A tipple at the Shangri-la

What do you do on a Friday after work when the sun is shining?  Meet at ex-colleague at the Shangri-la at the Shard and have a tipple or two.
Putting lippy on and wearing gold dangly earrings to try and look the part, I get there to be asked which bar I wanted. I didn’t know. Security guard “well, I suggest you find out”. 
Welcome to the Shangri-la!! 
On using their loo – I’d hoped for a luxurious 5 star boudoir as our toilets at work were blocked – I got directed to their cafe’s one and only toilet. Gutted.
However, it was very clean and slightly boudoir like, catering to mums and babes, disabled and the unworthy. The absolute bonus – a heated toilet seat!
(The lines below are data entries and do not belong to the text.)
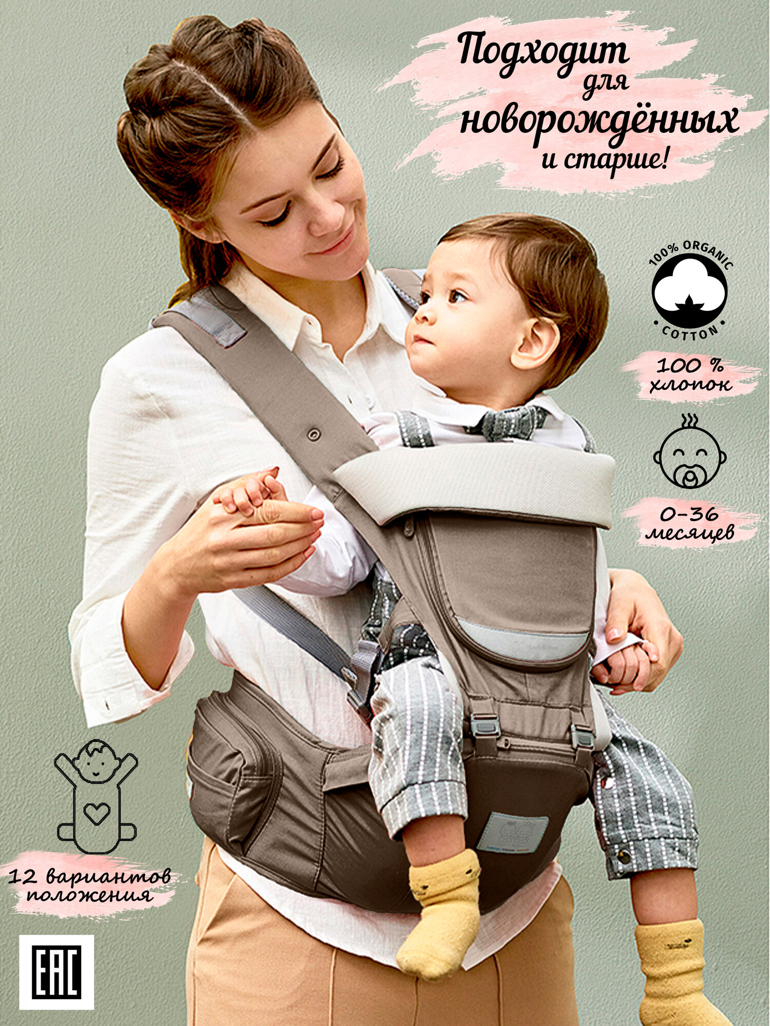Купить Mom's Babies / Хипсит - трансформер / кенгуру 3в1 / эргорюкзак для новорождённых Mom's Babies Luxury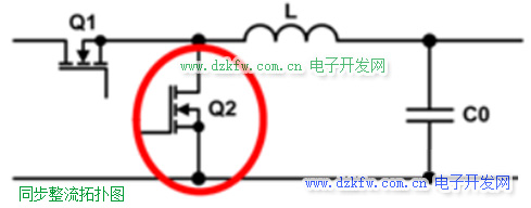 若在電路中續流回路中使用的也是MOS管(Q2),即上下管都是MOS管,因為MOS管本身是需要外控制的元器件,整流過程中必須根據電源的開關時序同步控制Q1與Q2,所以該電路為同步,同步電路如圖2所示: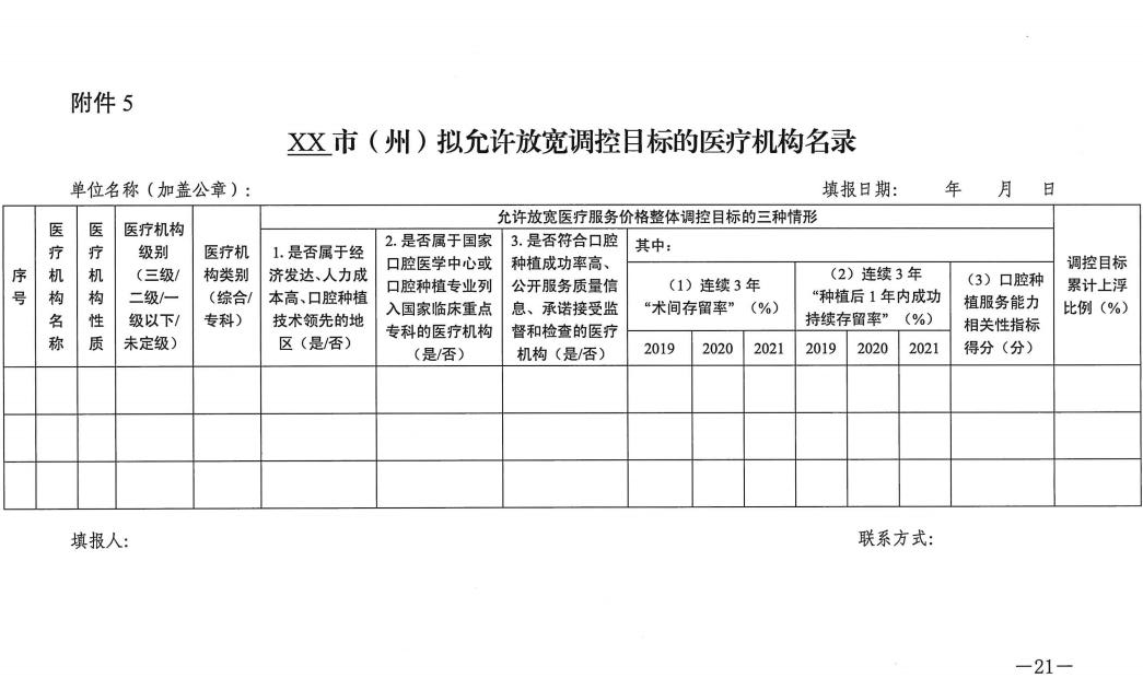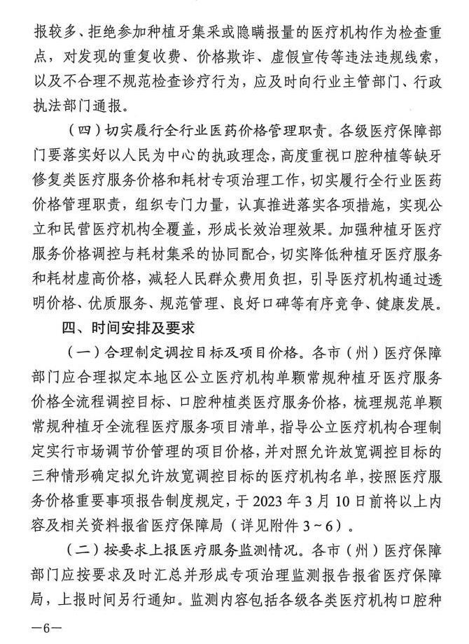 全市已开展口腔种植医疗服务的医疗机构要对照省医保局文件要求进行梳理,确定是否符合放宽价格的条件,符合放宽价格条件的医疗机构请于2023年2月28日17:30前将相关资料报送至市医保局医药服务管理科。全市已开展口腔种植医疗服务的公立医疗机构要同步梳理开展单颗常规种植牙全流程医疗服务项目清单和测算拟开展的市场调节价管理口腔种植医疗服务价格项目成本,全流程服务清单及项目成本测算表请于2023年2月28日17:30前报送至市医保局医药服务管理科(联系人:邹劲,联系电话:0825─2257612)。对于承诺参与种植牙耗材集中带量采购、接受单颗常规种植牙全流程价格调控的民营医疗机构,调控价格按照公立医院确定。
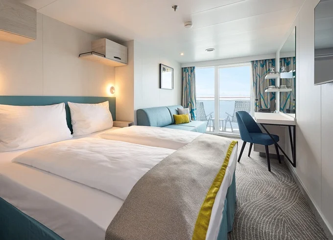 | BAHO - Kajuta s balkónom kat. H 17 m² + balkón s obmedzeným výhľadom 5 m². 6-9. paluba. Max 3 osoby. | 2 968 € 2 968 € za osobu |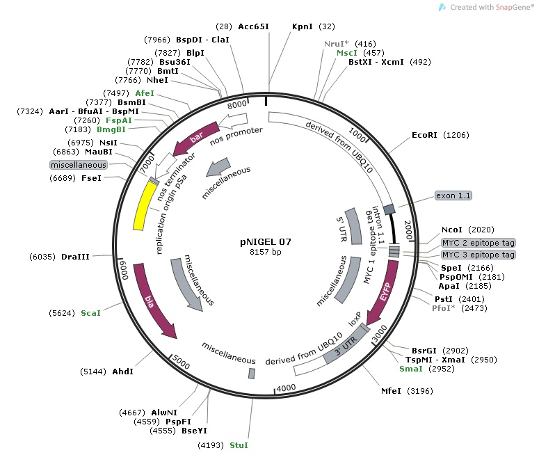 Wave DNA line, a subcellular marker line with spectrally distinct, fluorescent fusion construct providing localization to the vacuole. The construct is under the control of thepUBQ10 promoter. Based on the pNIGEL recombination vector pNIGEL 07 a fusion construct was generated using an ORF clone from the SSP consortium. The marker constructs are available in four colors Blue (mCerulean), Bluegreen (mTFP1), Yellow (YFP) and Red (mCherry). this construct utilizes the yellow fluorescent marker (YFP)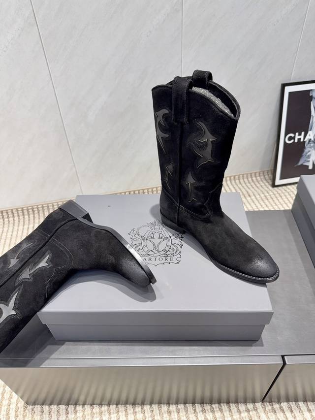 工厂p 独家顶级版本 DDD Sartore~2025Vs秋季最新款爆款靴子系列 DDD 复古一脚蹬高靴 DDD 这款靴子采用一脚蹬元素的融入,呈现出自然复古的质感。圆鞋头设计线条流畅,简约大气,既显高挑身材,又能有效提升舒适度,而鱼鳞纹防滑橡胶底则具有出色的耐磨性和防滑性,让你在任何场合都能保持稳定与自信。靴子的后拉链穿脱设计也充分考虑到了实用性,集舒适、实用与时尚于一身,是你鞋柜中不可或缺的百搭单品。 DDD 面料: 原版定制牛猄做旧工艺 DDD 内里: 原版定制羊皮 DDD 垫脚: 原版定制羊皮 D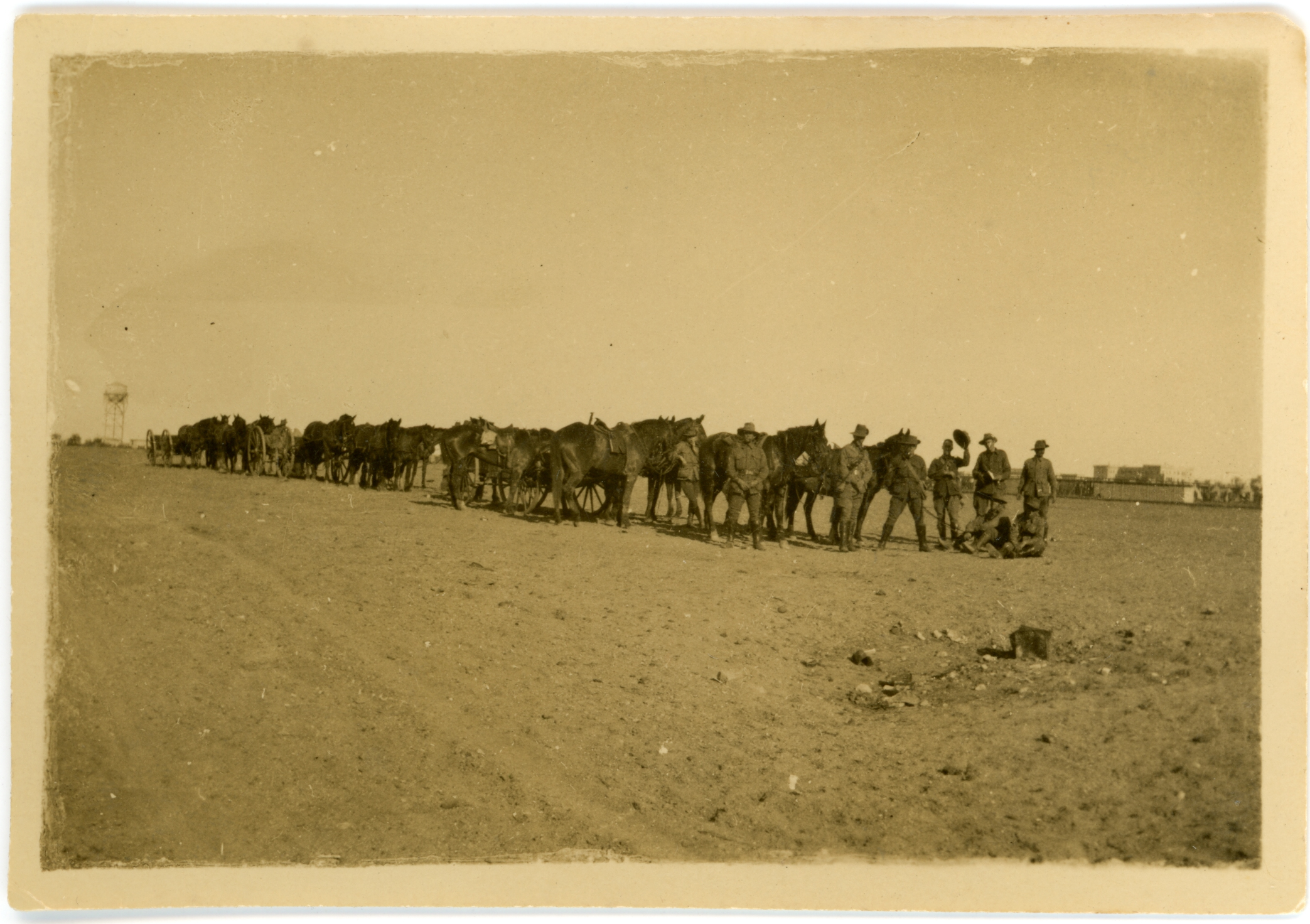 1916 - 1918A small black and white photograph showing nine Light Horsemen standing or sitting in front of their horses. In the picture are also supply wagons and machine gun carriers pulled by horses. The picture appears to have been taken in a camp as there are buildings and a water tower in the background. The image has a small border and the photograph is in good condition with no staining front or back.

When my friend arrived and we decided to go to the 52nd floor bar, I was again stropped at by the security guard saying “didn’t you hear me say you had to talk to the lady in red about tables in the bar”. No I didn’t, I was too busy trying not to pee my pants! 
On hearing that the minimum spend was £30 (a single drink costs £19.50) and you could only stay for 1.5 hours we decided to decline. Yes the views would be incredible but you wouldn’t be able to sit outside. Us Brits are so deprived of sunshine and warmth you’ve got to make the most of them.
We headed back to the cafe – LÁNG – situated in the foyer of the hotel. They’d sympathetically laid a fake grass lawn, TV for the Olympics and comfortable garden furniture to turn their outside sun trap next to the escalators leading to London Bridge station and the underground into an exclusive zone. It still doesn’t stop homeless people begging or detract from the noise of London but it is it’s very own little oasis. You’re tucked away enough to leave your worries behind.
With a relaxed table service (ie slow as the architects hadn’t put a door in between the cafe and the sun trap so the bar staff have to go in and out of the revolving doors of the hotel) our drinks were supped – G&Ts (minus the slimline as they’d run out) and Bacardi and lemonades – both Fever Tree mixers. 
It’s a great place for people watching. Was that a hooker in her skimpy nightie peeking through her pale blue overcoat? Was she high class? Look at her shoes not matching the coiffured hair.  And the dirty feet! Who was she waiting for? She ordered a glass of champs – could she afford it?  We’d never know as she took herself off somewhere, glass half finished. 
There were office workers catching up, looking their best except for the padding of one of their bras falling out; yummy mummies drinkin Pimms; young couples canoodling and ladies happy enough to feel the sun on their faces drinking champs on their own while they got much needed time alone.
£31.50 each not including tip for three doubles each and 2.5 hours later it was time to go home.
I’d go again but to the 52nd floor. After pay day of course.